The user may thus indicate a sentence or other portion of the
conclusion, to request the corresponding portions in the findings
and/or clinical indication sections. Moreover, the associating unit
1 may be arranged for evaluating a compatibility of the finding or
the clinical indication with the conclusion in the assessing of the
similarity. This may be determined using statistical or logical
deductions, as described elsewhere in this description.

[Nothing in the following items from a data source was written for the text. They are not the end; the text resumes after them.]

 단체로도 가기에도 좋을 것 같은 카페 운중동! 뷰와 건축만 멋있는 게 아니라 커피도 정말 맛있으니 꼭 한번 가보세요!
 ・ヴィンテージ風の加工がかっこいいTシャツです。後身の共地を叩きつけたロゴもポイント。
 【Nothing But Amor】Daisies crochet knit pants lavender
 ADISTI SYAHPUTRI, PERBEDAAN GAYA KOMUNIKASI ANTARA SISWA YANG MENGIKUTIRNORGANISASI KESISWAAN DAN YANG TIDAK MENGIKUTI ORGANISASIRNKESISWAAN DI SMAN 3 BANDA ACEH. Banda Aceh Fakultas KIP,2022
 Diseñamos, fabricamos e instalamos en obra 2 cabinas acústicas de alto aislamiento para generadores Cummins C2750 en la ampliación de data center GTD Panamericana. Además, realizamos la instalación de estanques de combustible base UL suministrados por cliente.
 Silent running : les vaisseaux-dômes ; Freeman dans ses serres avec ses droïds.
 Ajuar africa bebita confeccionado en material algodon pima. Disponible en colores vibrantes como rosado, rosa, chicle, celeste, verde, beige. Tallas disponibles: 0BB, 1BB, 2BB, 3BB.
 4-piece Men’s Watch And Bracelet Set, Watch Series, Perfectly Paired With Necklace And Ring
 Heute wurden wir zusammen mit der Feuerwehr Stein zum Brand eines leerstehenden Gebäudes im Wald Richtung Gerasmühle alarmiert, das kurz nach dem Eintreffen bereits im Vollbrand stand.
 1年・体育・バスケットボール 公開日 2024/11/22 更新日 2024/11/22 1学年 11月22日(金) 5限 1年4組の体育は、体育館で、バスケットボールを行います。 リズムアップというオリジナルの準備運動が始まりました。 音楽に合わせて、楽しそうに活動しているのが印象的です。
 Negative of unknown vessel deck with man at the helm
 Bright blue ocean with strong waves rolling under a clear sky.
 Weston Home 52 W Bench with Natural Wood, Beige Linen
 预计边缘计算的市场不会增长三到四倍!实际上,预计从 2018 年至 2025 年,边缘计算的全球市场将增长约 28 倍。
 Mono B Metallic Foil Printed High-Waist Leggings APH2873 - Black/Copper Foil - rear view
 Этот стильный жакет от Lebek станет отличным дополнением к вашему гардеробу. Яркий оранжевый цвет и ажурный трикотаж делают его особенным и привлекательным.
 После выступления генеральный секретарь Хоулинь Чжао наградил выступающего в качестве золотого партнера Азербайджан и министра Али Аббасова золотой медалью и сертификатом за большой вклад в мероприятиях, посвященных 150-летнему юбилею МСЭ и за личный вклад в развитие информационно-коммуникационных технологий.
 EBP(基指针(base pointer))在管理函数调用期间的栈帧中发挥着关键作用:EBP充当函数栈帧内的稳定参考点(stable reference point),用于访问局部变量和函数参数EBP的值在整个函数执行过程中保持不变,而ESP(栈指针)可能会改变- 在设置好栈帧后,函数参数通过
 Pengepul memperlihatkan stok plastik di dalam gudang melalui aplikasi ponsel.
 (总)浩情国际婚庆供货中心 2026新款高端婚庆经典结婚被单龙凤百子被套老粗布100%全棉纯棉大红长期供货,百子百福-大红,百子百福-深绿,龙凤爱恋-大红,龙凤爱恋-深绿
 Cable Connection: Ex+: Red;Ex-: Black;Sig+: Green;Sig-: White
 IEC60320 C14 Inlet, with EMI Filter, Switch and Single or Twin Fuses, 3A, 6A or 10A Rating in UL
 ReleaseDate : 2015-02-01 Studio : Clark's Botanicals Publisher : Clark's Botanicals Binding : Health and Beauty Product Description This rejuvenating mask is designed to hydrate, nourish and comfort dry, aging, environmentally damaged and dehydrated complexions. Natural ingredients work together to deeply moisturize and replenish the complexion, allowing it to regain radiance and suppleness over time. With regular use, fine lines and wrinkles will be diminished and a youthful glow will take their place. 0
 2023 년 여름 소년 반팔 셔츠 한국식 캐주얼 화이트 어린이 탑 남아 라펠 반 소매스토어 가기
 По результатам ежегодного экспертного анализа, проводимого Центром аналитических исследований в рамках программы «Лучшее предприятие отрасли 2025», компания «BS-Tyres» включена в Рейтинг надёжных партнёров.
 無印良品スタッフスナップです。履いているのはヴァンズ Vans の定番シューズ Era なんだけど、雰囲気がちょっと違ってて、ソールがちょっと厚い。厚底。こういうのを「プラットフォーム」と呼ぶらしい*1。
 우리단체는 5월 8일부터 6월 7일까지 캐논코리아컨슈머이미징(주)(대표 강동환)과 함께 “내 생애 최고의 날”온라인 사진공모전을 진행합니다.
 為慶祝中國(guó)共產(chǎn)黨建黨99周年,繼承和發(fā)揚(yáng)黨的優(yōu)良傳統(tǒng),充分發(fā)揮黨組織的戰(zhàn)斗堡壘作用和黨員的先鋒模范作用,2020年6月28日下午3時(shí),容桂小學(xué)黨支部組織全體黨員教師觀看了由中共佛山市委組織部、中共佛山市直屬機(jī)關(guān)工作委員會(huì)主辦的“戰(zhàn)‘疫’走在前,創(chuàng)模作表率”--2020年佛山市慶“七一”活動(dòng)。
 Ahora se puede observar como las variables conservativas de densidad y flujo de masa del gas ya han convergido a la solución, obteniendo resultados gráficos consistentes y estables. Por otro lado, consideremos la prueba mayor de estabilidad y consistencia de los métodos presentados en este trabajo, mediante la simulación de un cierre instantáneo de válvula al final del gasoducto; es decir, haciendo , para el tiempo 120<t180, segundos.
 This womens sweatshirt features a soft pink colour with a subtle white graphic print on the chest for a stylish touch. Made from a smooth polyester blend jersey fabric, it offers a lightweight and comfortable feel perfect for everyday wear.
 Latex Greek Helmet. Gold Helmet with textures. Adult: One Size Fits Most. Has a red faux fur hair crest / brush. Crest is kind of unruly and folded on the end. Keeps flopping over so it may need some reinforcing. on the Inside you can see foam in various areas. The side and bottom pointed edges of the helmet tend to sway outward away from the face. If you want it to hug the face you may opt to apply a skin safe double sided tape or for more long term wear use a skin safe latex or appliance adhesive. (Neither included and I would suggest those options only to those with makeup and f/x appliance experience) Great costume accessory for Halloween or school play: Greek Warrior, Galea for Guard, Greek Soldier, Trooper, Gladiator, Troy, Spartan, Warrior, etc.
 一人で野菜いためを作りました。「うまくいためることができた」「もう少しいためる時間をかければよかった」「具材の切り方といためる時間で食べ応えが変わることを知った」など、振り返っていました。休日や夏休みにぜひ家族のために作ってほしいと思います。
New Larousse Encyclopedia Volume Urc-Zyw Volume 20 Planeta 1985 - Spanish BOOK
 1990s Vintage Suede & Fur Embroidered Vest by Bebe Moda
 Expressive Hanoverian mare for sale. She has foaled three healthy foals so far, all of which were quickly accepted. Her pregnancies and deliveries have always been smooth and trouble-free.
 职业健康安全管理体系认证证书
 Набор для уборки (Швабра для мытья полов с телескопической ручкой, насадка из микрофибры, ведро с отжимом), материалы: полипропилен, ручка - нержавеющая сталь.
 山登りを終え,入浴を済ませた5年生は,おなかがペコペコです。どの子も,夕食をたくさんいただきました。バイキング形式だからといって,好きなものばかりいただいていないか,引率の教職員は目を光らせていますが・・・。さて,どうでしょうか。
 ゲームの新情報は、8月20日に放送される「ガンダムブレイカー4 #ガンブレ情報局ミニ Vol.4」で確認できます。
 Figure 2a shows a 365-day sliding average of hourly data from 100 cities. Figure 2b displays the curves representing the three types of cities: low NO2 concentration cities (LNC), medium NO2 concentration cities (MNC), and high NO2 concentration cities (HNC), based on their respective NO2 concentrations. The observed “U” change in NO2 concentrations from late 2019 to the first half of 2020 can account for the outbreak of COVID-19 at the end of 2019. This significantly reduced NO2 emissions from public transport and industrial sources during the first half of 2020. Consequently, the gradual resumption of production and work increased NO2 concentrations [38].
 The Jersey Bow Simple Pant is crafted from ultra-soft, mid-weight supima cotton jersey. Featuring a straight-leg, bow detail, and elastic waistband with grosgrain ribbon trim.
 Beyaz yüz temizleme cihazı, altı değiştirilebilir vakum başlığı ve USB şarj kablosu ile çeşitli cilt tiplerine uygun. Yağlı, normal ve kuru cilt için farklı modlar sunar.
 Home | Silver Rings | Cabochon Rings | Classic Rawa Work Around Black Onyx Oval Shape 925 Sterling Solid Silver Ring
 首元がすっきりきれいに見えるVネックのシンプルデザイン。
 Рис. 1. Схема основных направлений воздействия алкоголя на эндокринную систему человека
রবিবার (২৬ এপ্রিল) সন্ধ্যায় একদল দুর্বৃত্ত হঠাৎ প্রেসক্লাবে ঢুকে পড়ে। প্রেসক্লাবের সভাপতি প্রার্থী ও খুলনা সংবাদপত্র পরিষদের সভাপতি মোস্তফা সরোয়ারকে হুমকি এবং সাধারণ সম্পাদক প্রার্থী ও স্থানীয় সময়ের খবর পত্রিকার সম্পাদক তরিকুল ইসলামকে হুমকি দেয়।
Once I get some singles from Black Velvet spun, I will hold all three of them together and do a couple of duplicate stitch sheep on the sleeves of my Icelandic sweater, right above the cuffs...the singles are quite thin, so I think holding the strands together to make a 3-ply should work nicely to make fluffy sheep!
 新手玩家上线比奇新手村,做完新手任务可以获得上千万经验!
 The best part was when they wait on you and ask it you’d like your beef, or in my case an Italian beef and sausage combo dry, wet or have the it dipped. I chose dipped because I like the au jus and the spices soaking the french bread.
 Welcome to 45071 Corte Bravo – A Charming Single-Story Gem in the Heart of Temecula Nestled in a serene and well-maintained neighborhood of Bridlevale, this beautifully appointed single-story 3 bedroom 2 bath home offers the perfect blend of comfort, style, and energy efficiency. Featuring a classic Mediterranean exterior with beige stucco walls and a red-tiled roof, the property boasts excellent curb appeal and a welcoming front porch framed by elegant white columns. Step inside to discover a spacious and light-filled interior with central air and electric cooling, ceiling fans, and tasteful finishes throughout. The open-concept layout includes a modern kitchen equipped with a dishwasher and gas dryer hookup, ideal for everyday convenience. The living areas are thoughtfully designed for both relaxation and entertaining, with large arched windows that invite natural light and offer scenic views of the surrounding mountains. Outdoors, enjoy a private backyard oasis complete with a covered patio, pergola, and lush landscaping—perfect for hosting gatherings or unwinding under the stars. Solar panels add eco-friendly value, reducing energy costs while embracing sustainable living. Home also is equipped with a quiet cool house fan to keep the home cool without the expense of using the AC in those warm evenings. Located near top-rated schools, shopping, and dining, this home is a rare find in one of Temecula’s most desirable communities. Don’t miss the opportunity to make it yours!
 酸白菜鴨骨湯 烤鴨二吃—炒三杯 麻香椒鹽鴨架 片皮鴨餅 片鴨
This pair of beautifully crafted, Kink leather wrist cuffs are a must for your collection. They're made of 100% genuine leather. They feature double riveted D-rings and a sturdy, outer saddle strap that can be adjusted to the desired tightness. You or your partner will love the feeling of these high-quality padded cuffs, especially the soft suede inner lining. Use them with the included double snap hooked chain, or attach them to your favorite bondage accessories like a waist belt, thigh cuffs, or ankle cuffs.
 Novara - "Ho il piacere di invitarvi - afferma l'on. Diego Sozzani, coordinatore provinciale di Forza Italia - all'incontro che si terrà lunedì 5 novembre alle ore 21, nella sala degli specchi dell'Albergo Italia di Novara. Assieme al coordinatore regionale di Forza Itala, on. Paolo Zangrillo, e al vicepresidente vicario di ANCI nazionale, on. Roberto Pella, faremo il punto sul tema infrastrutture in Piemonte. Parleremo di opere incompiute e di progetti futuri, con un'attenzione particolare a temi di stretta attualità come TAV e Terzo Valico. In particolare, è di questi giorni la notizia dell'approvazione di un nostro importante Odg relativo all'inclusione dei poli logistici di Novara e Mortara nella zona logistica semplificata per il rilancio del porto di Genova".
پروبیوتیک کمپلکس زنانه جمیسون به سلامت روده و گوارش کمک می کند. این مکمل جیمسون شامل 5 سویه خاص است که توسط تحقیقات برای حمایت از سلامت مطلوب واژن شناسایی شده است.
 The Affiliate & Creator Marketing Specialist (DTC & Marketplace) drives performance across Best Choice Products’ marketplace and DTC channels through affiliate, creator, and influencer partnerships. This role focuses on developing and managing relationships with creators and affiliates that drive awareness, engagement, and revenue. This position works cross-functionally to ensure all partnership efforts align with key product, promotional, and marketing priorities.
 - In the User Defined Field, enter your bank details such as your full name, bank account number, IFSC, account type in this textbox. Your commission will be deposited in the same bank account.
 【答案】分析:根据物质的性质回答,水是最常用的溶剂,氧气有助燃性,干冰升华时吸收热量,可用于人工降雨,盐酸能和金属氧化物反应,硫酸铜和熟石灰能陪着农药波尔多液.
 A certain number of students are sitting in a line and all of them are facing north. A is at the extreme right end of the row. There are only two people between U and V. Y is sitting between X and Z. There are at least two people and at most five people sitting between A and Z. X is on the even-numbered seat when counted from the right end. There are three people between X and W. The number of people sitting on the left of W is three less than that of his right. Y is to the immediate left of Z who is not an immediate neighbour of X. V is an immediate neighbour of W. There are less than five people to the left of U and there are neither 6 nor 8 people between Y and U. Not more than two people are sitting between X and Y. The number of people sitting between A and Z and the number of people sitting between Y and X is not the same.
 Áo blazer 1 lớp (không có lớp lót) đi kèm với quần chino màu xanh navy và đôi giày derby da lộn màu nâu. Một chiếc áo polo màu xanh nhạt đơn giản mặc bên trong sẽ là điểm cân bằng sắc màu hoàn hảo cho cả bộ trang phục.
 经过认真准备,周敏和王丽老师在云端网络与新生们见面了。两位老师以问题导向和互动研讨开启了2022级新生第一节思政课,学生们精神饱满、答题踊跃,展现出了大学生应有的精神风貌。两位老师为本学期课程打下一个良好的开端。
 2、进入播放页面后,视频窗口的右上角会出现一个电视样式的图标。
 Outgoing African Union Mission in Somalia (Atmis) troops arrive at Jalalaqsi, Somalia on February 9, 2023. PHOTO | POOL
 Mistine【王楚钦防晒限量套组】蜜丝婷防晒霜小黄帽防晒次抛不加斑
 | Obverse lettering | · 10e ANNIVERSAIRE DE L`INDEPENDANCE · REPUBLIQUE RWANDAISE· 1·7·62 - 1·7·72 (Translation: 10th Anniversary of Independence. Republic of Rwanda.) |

[0044] FIG. 2 illustrates an example of a method of processing at
least one document comprising a text. The method comprises the step
201 of associating a first part of said at least one document with
a second part of said at least one document, based on a similarity
of semantic data associated with text comprised in the first part
and semantic data associated with text comprised in the second
part. Step 201 may be repeated for different parts of text. Step
201 may be preceded by an initialization step 202 in which semantic
data associated with different parts of the text is generated,
wherein the semantic data comprises an explicit representation of
semantic information expressed by at least part of the text. This
explicit representation may be used in step 201 to determine one or
more portions of text to be associated with one another. After step
201, in step 203, a user may be enabled to indicate a particular
phrase or sentence or group of sentences that the user is
interested in. This may be done by touching the relevant text,
using a touch sensitive display or by using a mouse pointing
device. In step 204, the system looks up and displays the
corresponding associated portion or portions of text. For example,
these portions are displayed in a list format, or they are
indicated in the context of the surrounding text of the document.
Steps 203 and 204 may be repeated until a termination signal is
received, after which the method terminates. In an alternative
method, step 203 may be skipped. Instead, automatic display modes
may be provided in step 204, such as color coding of any associated
portions of text, by displaying associated portions in the same
color and unassociated portions in a different color. Other
interaction possibilities are within reach of the person skilled in
the art in view of the present description. The method may be
implemented by means of a computer program which may be stored on a
storage medium or transmitted via a transmission medium.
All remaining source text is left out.